11.群馬の森へ(2月12日)
内心,もう蝶の観察はいいか,という気分になっていたが,予定は予定。朝から『群馬の森』に向かった。北伯群馬県人会が,県議会議員を通じて県の協力と県民の募金を受け,540haの原生林を買い上げ,手付かずの状態で残すことにした林である。その一角には,宿泊も可能な施設が作られており,管理人に挨拶して林に入る。午前中,広場のある場所の周辺を歩くが,あまり蝶は現れず,時折モルフォチョウが翅をきらめかせて飛ぶのを見るのみ。ビデオに収めようとするが,広場の中をランダムに飛ぶのでなかなか難しい。昼食後,少し離れた場所に入ろうとするが,雨が降り止まず,4時近くになり,今日はこれまでということになった。天気さえ良ければ良い場所だったかも知れないが,結局大した成果はなかった。まあ,ちょうど良い骨休めになったようだ。
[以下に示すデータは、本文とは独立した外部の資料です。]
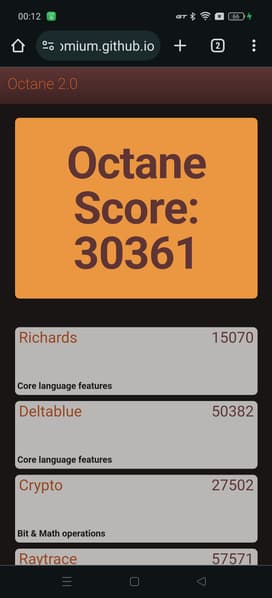 | Google Octane 2 (больше — лучше) | 30361 | 70812 | 30529 | 52617 | 5180 |

『群馬の森』の立派な施設を維持・管理して行くため,一角でコショウの栽培を行い,独自に収益を上げることを考えているそうだ。しかし,コショウの栽培は連作が効かず,大体5年がせいぜいだという。その先,どのようにして管理費を捻出するかは未定だという。このようなナショナルトラスト運動を県単位で企画・実行できたことは実にユニークな試みであるが,それを維持するために募金を継続するというわけにも行くまい。継続して行くことそれ自体で意味があることであり,今後の事業展開を見守りたい。
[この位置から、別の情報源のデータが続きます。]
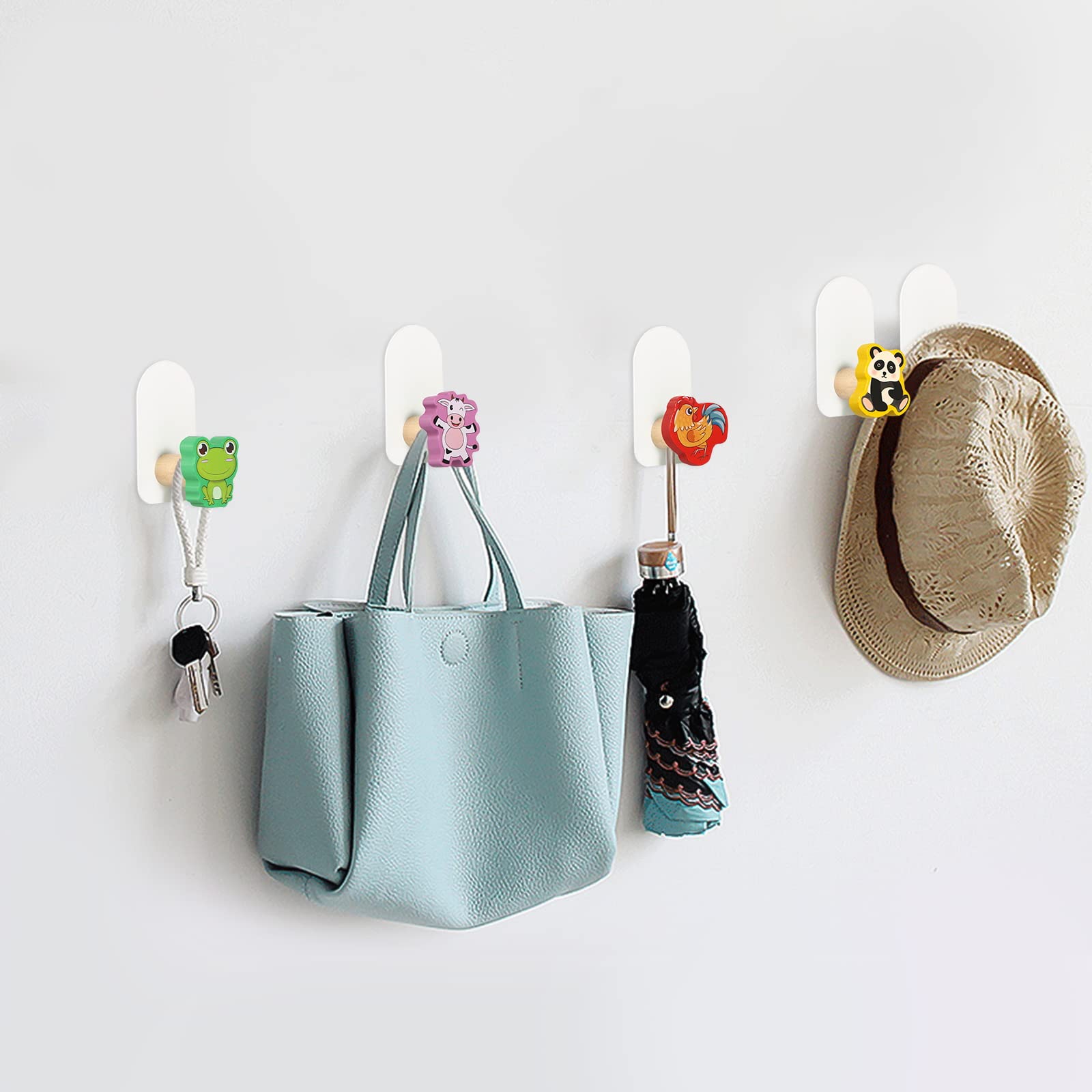 Ganci Appendiabiti In Legno - Set Di 4, Doppio Gancio, Per Parete, Capacità 8kg

元気のある二人は外に食事に出掛け,私はあまり余分なエネルギーを費やしたくなかったので,ホテルのレストランで済ます。メニューがポルトガル語で,何も分からなかったが,適当に頼んだら野菜サラダ,鳥雑炊,鳥肉料理が出てきた。マレーシアなどの東南アジアでこれをやると,めちゃくちゃに辛いものなどが出てきてしまうこともあるが,幸いうまく行った。ブラジルは,日本人,日系人が多いこともあり,日本料理の素材はかなり手に入りやすく,日本料理店も多いという。また,日本料理でなくても,ブラジル料理はかなり日本人の口に合うものが多いとのことである。